Assuming you didn't just arrive from another planet you've heard (plenty) about the hack of the Democratic National Committee's email. The aftershocks continue to reverberate through the American political spectrum as people debate who did it, why they did it, and what the implications for the Presidential election were.
As 2017 dawns, do you want it to be the year you put your legacy code behind you? Or do you want it to be the year your legacy code gets you hacked? If there's any conclusive takeaway from the DNC hacks it's that there are bad actors out there with very sophisticated techniques ("tradecraft") to get into your systems. And in cyber security you can't just be right 99.999% of the time--you have to be right 100% of the time. And even if you've done everything you can your users can still be the weak link. Some of the DNC hacks came through a "spearphishing" email that appeared to be Google requiring a password change. Users clicked on a shortened (bit.ly) link which took them to a very Google-looking page requiring account credentials. Except the URL wasn't accounts.google.com but instead something like accoounts-google.com and people are busy and don't look closely and bang! The Rooskies got in.
Once they did they inserted malware that's just scary in what it did and how it did it. Buzzfeed had a good write up on this whole process.

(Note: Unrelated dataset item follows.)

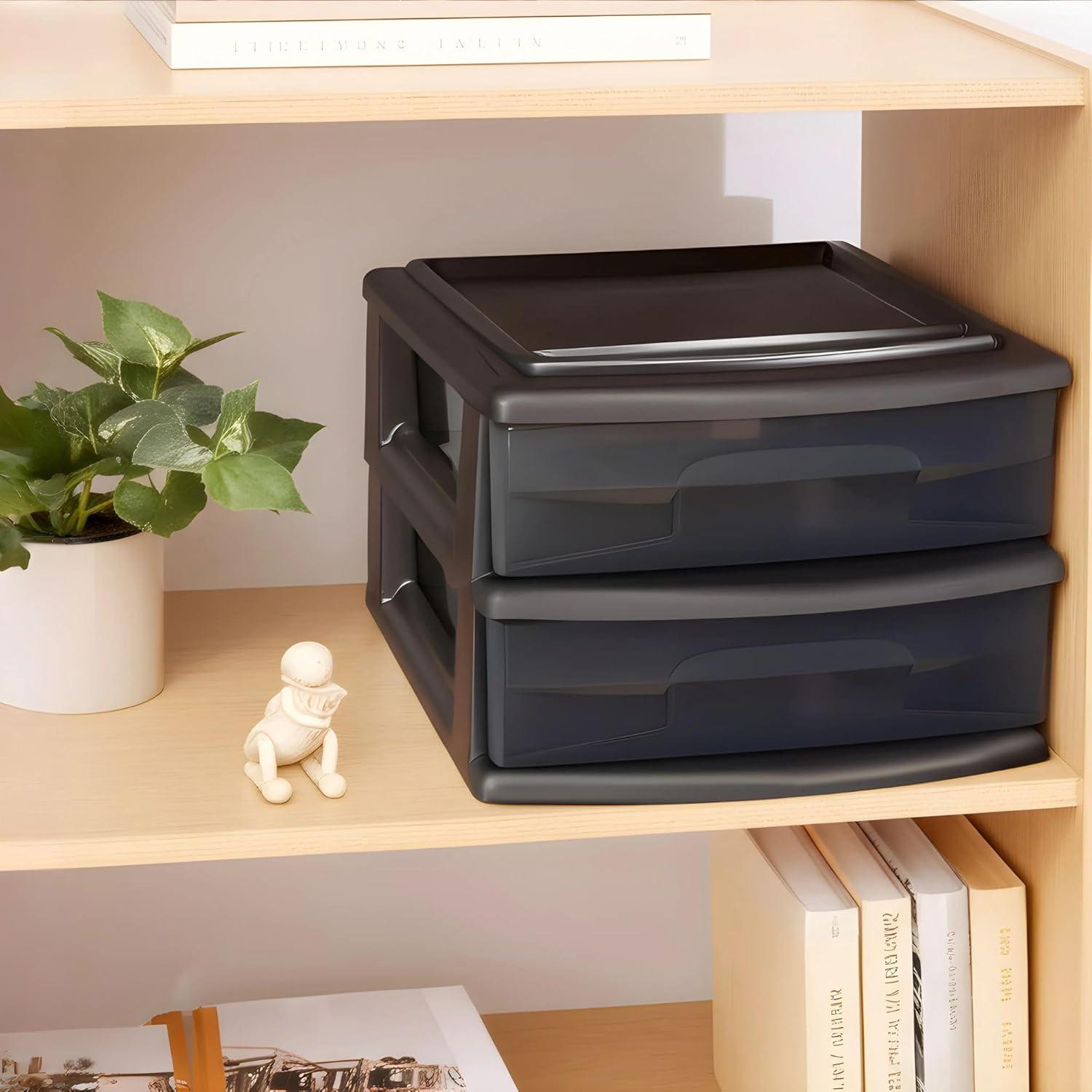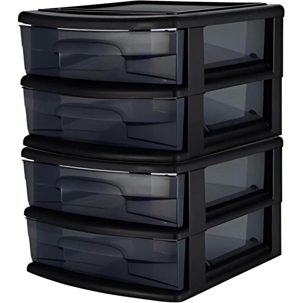 Stay better organized and limit clutter with the help of this 4-drawer plastic storage cart. It is ideally suited for home, office, dorm room, or nursery. Tinted drawers allow contents to be identified while still lightly masking for a level of privacy. Casters are included for easy and convenient mobility. The cabinet’s top features two recessed compartments for quick access to pens, stapler, stationary, and so much more.

These guys, known by many names but commonly called Fancy Bear and/or Cozy Bear, have hacked journalists who have been critical of the Russian government. They hacked the World Anti-Doping Agency. They hacked an Android app used by the Ukrainian military to aim howitzers; the hack told the Russians where the howitzer was located so the Russians could launch a missile on the site. Blammo! No more nasty howitzer.
Assuming no one wants to be hacked, let's look at some thoughts. DHS and FBI issued a report with detailed prevention and mitigation guidance which you can find here. It makes for some interesting reading.

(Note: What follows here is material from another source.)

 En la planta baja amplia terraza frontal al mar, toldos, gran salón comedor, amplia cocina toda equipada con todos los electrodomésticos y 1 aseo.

What does this have to do with legacy? Old can be vulnerable. A quick scan on a vulnerability database shows over 4k vulnerabilities in various MSFT products, including these:
This doesn't mean the new stuff is devoid of vulnerabilites, but as vectors are found and understood it gets harder and harder to exploit newer systems. Old systems, on the other hand, have known vulnerabilities and bad actors constantly probe to find the ones that haven't been patched. To make your life even more interesting, when Microsoft (or anyone, for that matter) publishes patches to modern vulnerabilities, the bad guys immediately test those older systems (which aren't being patched anymore) to see if that vulnerability exists there as well. And you can imagine how that plays out shortly thereafter.

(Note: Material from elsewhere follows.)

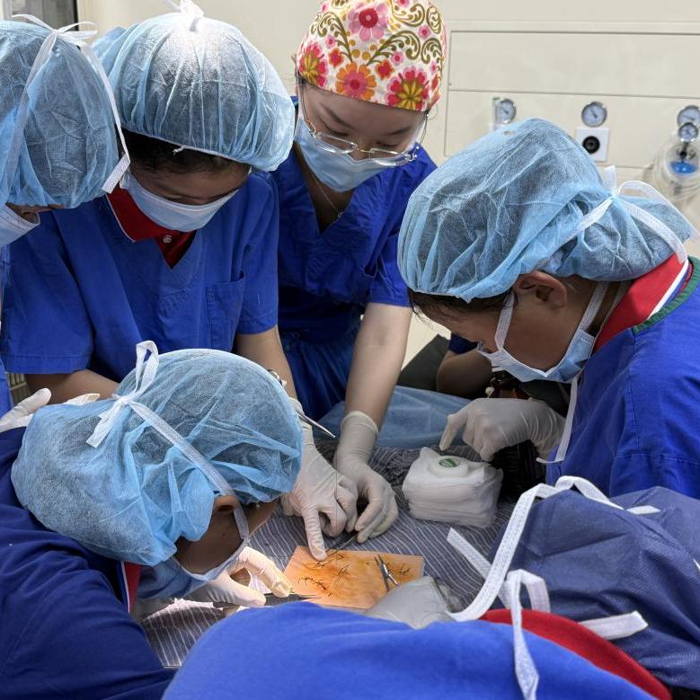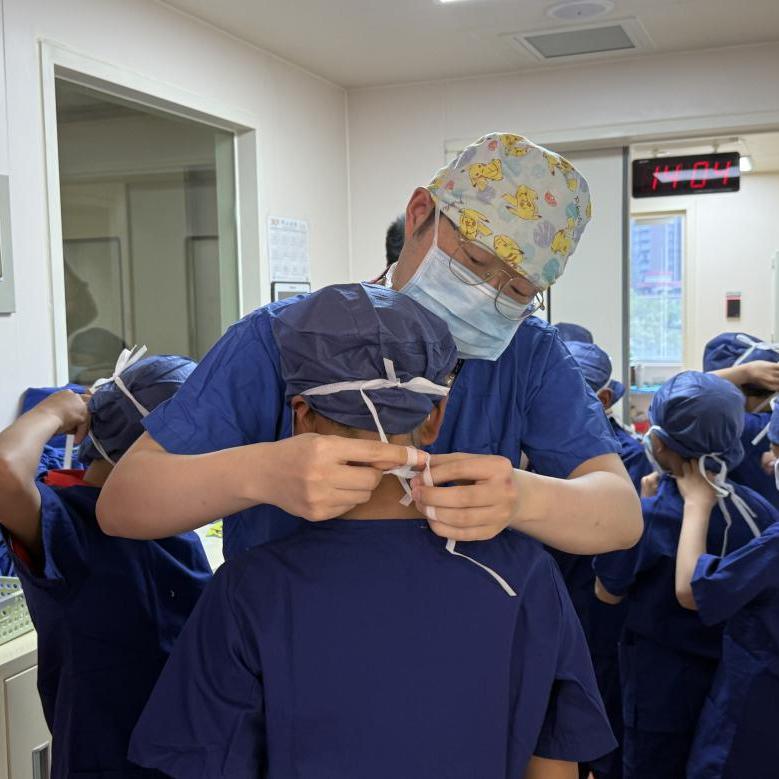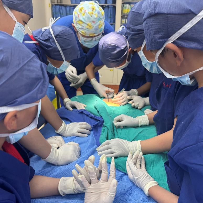 在整形外科手术室,陈凌枫主治医师向同学们介绍了手术室的基本组成,讲解了如何正确穿戴手术服、帽子、口罩以及如何洗手、消毒。实操环节,陈凌枫主治医师和潘思妲主治医师讲解了整形外科基础伤口缝合技术,“小医生”们亲自体验了缝合、拆线等操作,并有两名“小医生”被评选为“最佳缝合技术奖”。

Here's what you should think about if you have legacy apps:
Hard as it is to believe, SQL injection attacks still succeed, especially since as far back as 2009 Heartland Payment Systems publicly wiped scrambled eggs all over their face when they admitted 100-160 million credit card were swiped via SQL injection. Jeez, how hard is it to do a little data validation? If you are going to have URLs like
http://mycorp.com/products.php?12345
for lookups in a catalog, don't accept a URL like
http://mycorp.com/products.php?malicious SQL statements follow
Similarly, if you have a web form for people to request a new password, or retrieve their login info, make sure you parse that form input to ensure no random SQL strings are being sent to dump your database into an email response. And so on and so forth. SQL injection is so well understood and documented that falling victim in this day and age is practically criminally negligent.
If they can't get in that way, there's always cross-site scripting (XSS). Again, if you've got web forms in front of your app with any kind of free form text fields you should validate the contents BEFORE it gets to the server to ensure it doesn't contain a payload.
If you're still deployed on ancient Windows platforms like XP, Vista, or Server 2003 you have vulnerabilities right there. Even if you're on newer versions still in support are all your users applying updates automatically? What's your vulnerability to zero-day exploits? Are you managing your network edge security against probes looking for ways to get in? There's no absolute reason that older platforms are necessarily more dangerous than newer ones, except in general they just are. The longer something is around the longer the bad actors have to study ways to attack them.
VB6 was super popular in part because of the huge ecosystem built up by third party (i.e. non-Microsoft) vendors who built ActiveX components to make development easier. Those same components running in your app are vectors for malicious code execution. Most of the time this won't happen, but it can.
If the DNC hack does anything positive, let it be that we wake up in 2017 to the realization that sophisticated hacking is a real threat on multiple fronts. Countering this threat requires real vigilance, on-going remediation efforts, and constant education. One area you CAN focus on is moving critical applications off older, more vulnerable languages and platforms to more modern languages and platforms.